Saturday, November 12, 2016

DC Statehood is a Bad Idea



Before we moved to lovely Danville, Kentucky, Mrs. G. and I lived in the District of Columbia.  "Statehood for DC" was a constant political refrain of local politics.

The citizens of the District just voted overwhelmingly (79%) for a plan to separate out a small federal district for the main government offices and monuments, and turn the rest into a new state of New Columbia.

I like the idea of shrinking the District of Columbia down to a federal core - Capitol and Supreme Court, White House, the mall and its adjacent offices and, in my version, across the river to include the Pentagon.

I do not think, though, that the city of Washington surrounding this core is a state.  I do believe that they should have voting representation in the House of Representatives.  But not their own senators.

SO my proposal:  the federal District of Columbia shrink to the smaller diamond I outlined above.  The rest becomes Washington City, Maryland.

Friday, November 11, 2016

Protesting President Trump's Election is Misguided


I don't care for political street theater.  I am glad that in a free country people who like to do that sort of thing can.  But I think it is counterproductive, and usually self-indulgent.

Which is why I think the protests of President Trump's election are a bad idea.  Just as I thought the protests of President Obama's election eight years ago were a bad idea.

I understand that there are many people who are fearful, my own students included.  And some people have already been treated hatefully by Trump supporters, my own students included.  The right response is for the police to prosecute the assailants.

Donald Trump did, indeed, empower the white nationalists.  But protesting his election is to misdirect the anger at should actually be aimed at the actual wicked people on the ground.

Just wait.  There will be plenty of substantive things to protest later.

Thursday, November 10, 2016

Voting to Get Our Old Jobs Back Will Not Repeal Global Capitalism


Two decades ago an economist gave a talk at Centre College in which he predicted that, due to automation and increased efficiencies in delivery, we could "optimistically" expect to eliminate 25 million jobs in the United States.

"You mean 'pessimistically,' don't you?" I asked.

No, he was thinking like an employer - or, really, as a shareholder - who was concerned about increasing profits by reducing costs.

I was thinking like a sociologist, looking at the effect on the entire population.

I think the margin in this election were the 25 million people who lost their jobs, or the possibility of those jobs.  Those jobs - low education mass employment - is gone forever, and not just to China.  Most have been eliminated altogether.

The governing class of both parties supports globalization of the economy, including automation.  Voting against "elites" in favor of a strongman who promises to bring back those jobs is a hope against hope.

Wednesday, November 09, 2016

The Republic Will Survive President Trump

My first presidential election was 1980, when Ronald Reagan unseated Jimmy Carter.
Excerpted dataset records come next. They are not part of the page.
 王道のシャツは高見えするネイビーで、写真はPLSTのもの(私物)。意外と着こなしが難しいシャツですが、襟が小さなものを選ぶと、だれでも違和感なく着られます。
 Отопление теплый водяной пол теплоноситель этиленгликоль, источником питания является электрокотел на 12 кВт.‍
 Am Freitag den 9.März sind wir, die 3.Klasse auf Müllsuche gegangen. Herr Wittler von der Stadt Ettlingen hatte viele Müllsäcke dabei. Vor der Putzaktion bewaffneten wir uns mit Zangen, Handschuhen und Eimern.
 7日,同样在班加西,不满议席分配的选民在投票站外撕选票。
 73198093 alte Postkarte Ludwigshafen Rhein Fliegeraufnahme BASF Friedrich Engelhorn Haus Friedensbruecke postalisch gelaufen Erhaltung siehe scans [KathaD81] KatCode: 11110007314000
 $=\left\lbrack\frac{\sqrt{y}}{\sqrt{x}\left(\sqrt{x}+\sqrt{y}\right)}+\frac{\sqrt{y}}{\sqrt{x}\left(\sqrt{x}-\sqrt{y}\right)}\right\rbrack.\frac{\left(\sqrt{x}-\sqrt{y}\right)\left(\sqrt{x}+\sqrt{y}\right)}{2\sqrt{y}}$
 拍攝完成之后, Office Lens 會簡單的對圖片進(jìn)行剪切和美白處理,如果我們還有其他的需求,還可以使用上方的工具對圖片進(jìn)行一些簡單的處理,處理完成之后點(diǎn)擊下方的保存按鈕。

Mrs. G. and I were students at a very liberal college, and we and all of our friends were devastated.

The 2000 election was, if anything, worse. President Bush the younger came into office by one vote, and that voter later concluded she had voted wrongly.
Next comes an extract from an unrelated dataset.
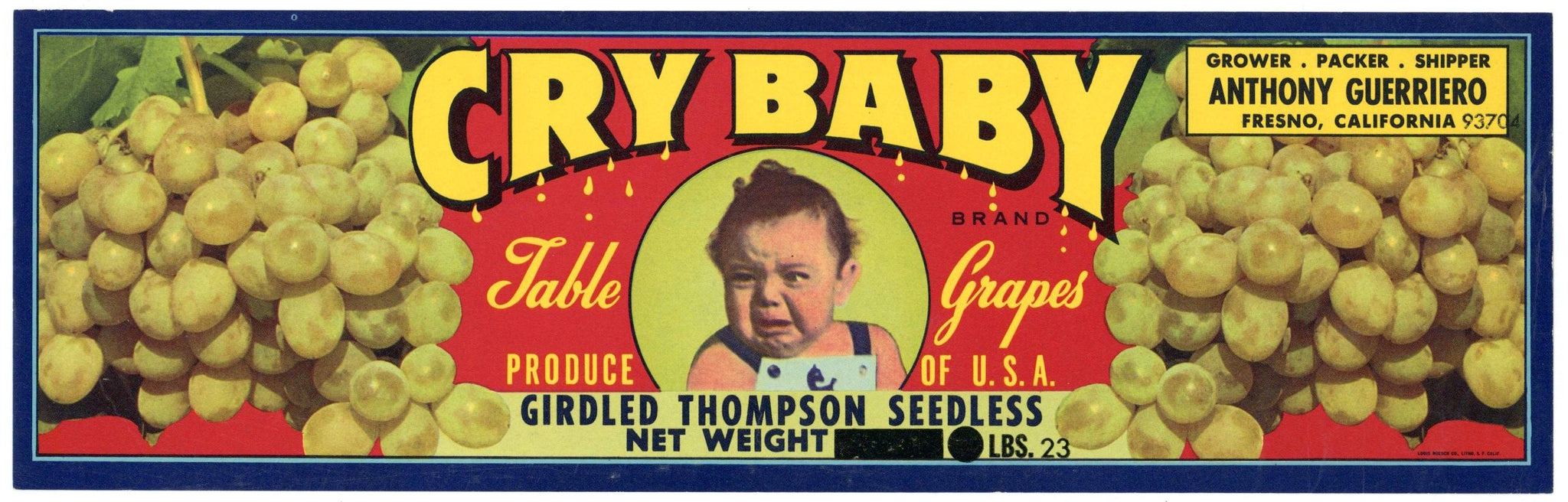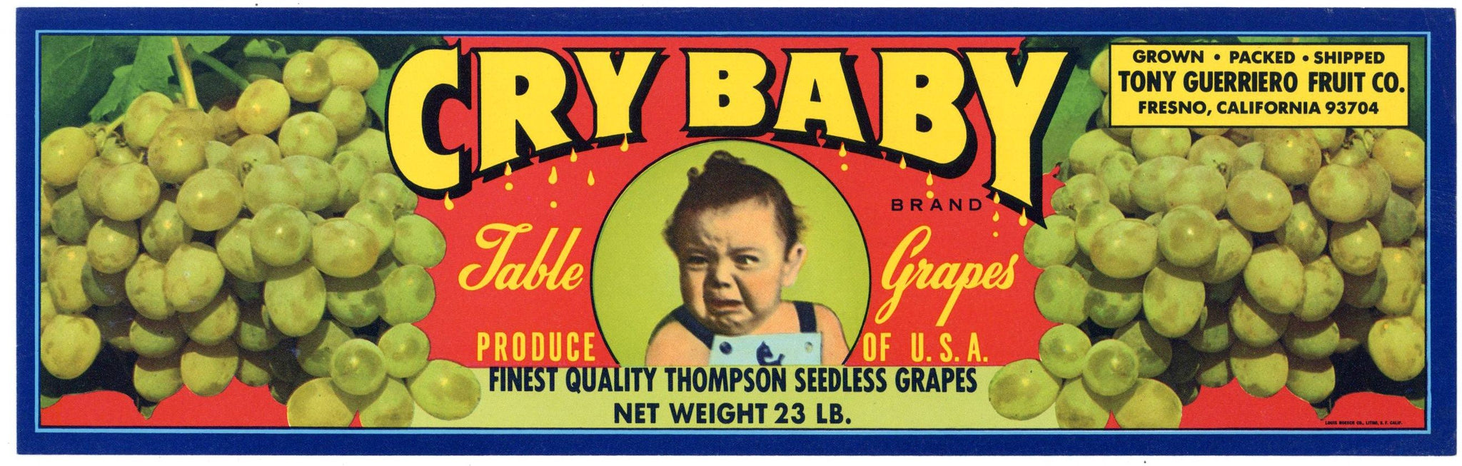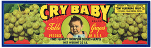 Cry Baby Brand Vintage Thompson Seedless Grape Crate Label

On this morning after election day, this one feels like an even harder kick in the gut. The campaign promises made by Donald Trump are far worse than anything his predecessors proposed. On the other hand, the worst are so un-American, un-Constitutional, or even physically impossible, that they will not actually happen. And, as he has made clear many times, he often says things he does not mean and will later deny having said.

Moreover, unlike Ronald Reagan, or George W. Bush, or even the Tea Party, there are no other Trumpian legislators. He will have to rely on regular Republican politicians to govern. This should have a moderating influence, though they will likely enact many things I disagree with.

Still, the Trump campaign has unleashed a white nationalist layer of Americans who normally do not vote or proclaim their positions in public. I do fear that they will feel emboldened to act on their sense of entitlement in dangerous ways.

Monday, November 07, 2016

Happily Voting for Hillary


I have known since election night, 2008, who I would be voting for tomorrow: Hillary Clinton.

I was, and remain, a strong supporter of Barack Obama.  I believe he has been a very good president, and has accomplished a great deal despite colossal obstruction.  I thought Hillary Clinton would make a good president in 2008, but Obama would make a better one.  I have not changed my mind.

Since then she has done all she could to prepare to succeed Obama.  As with the parade of policy wonks who head the lists of Democratic politicians these days, she does her homework.  She is better prepared on foreign policy than Obama was.  She has invaluable experience as a senator.  And she has the unprecedented preparation of having been First Lady.

Like her husband, the first President Clinton, she is a trimmer.  She has cut deals and cut corners.  Nonetheless, on the scale of presidential-level politicians, I would rate her failures about a 2 on a ten-point scale.  Of presidents in the past century, I think only Jimmy Carter and the current incumbent would rate higher on that scale.  That includes some very effective presidents.

And then there is the great historic moment of the first woman president.  Mrs. Gruntled and I will be wearing suffragette colors when we vote, in honor of this new epoch.  And I dearly hope, and expect, that she will win.